What you are asked to do :: The result should be the line with "Kodim 0904/Psr, Korem" followed by every remaining line of the entries, each reproduced exactly, with nothing else.

-*-

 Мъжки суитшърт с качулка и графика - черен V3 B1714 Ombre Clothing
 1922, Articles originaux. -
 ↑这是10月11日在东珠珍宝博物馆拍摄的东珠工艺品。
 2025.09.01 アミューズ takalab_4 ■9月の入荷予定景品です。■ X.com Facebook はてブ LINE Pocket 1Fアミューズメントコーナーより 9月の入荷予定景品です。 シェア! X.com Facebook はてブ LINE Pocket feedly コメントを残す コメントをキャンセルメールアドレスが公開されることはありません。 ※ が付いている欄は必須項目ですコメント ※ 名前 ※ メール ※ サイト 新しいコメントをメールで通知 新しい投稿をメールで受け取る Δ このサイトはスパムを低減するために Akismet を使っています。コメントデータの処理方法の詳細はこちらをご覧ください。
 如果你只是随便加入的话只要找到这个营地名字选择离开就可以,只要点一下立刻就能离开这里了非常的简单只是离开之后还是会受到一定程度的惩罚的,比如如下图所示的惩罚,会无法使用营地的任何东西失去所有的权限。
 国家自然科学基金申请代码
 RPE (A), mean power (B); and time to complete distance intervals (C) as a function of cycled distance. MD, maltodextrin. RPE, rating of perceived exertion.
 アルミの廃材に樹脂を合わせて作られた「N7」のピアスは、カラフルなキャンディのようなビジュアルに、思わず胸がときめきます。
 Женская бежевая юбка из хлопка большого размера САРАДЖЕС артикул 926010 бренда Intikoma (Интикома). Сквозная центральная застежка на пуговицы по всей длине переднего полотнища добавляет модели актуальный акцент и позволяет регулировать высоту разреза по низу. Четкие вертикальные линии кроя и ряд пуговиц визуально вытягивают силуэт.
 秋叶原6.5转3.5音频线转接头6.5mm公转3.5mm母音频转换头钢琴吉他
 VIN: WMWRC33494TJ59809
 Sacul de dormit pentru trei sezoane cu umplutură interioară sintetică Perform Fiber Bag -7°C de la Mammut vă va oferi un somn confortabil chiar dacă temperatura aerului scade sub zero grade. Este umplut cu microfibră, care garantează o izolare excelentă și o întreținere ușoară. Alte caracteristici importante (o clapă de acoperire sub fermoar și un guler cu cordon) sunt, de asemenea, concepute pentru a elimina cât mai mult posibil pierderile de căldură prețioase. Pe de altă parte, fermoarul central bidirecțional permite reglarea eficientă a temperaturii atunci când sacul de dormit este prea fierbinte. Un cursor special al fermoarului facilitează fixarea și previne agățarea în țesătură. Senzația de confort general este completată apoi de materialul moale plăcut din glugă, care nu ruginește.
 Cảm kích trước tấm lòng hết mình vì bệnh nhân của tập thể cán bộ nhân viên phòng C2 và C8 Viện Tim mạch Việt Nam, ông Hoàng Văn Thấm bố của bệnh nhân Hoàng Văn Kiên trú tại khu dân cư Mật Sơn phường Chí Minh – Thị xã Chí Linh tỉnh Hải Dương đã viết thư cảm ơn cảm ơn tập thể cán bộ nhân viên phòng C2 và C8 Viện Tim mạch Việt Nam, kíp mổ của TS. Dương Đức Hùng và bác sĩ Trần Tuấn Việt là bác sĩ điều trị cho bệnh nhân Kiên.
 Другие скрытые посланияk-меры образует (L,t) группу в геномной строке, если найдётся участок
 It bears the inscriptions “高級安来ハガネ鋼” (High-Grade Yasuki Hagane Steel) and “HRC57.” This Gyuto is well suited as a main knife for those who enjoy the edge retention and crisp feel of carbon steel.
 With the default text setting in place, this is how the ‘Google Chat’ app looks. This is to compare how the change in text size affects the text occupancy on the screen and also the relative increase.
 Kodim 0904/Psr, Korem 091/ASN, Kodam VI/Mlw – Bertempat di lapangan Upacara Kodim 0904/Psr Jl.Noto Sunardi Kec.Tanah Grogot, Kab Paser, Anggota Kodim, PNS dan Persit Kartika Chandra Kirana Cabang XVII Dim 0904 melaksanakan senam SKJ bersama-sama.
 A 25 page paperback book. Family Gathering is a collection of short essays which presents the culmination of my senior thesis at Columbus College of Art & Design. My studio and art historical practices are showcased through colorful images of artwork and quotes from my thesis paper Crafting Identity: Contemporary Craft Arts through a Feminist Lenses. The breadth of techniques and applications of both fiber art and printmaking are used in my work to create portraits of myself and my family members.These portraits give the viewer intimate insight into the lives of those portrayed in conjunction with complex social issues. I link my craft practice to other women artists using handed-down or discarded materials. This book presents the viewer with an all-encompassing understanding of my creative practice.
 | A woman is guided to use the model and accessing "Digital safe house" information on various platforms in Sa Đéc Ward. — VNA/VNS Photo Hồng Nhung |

-*-

Exercise response ::
 Kodim 0904/Psr, Korem 091/ASN, Kodam VI/Mlw – Bertempat di lapangan Upacara Kodim 0904/Psr Jl.Noto Sunardi Kec.Tanah Grogot, Kab Paser, Anggota Kodim, PNS dan Persit Kartika Chandra Kirana Cabang XVII Dim 0904 melaksanakan senam SKJ bersama-sama.
 A 25 page paperback book. Family Gathering is a collection of short essays which presents the culmination of my senior thesis at Columbus College of Art & Design. My studio and art historical practices are showcased through colorful images of artwork and quotes from my thesis paper Crafting Identity: Contemporary Craft Arts through a Feminist Lenses. The breadth of techniques and applications of both fiber art and printmaking are used in my work to create portraits of myself and my family members.These portraits give the viewer intimate insight into the lives of those portrayed in conjunction with complex social issues. I link my craft practice to other women artists using handed-down or discarded materials. This book presents the viewer with an all-encompassing understanding of my creative practice.
 | A woman is guided to use the model and accessing "Digital safe house" information on various platforms in Sa Đéc Ward. — VNA/VNS Photo Hồng Nhung |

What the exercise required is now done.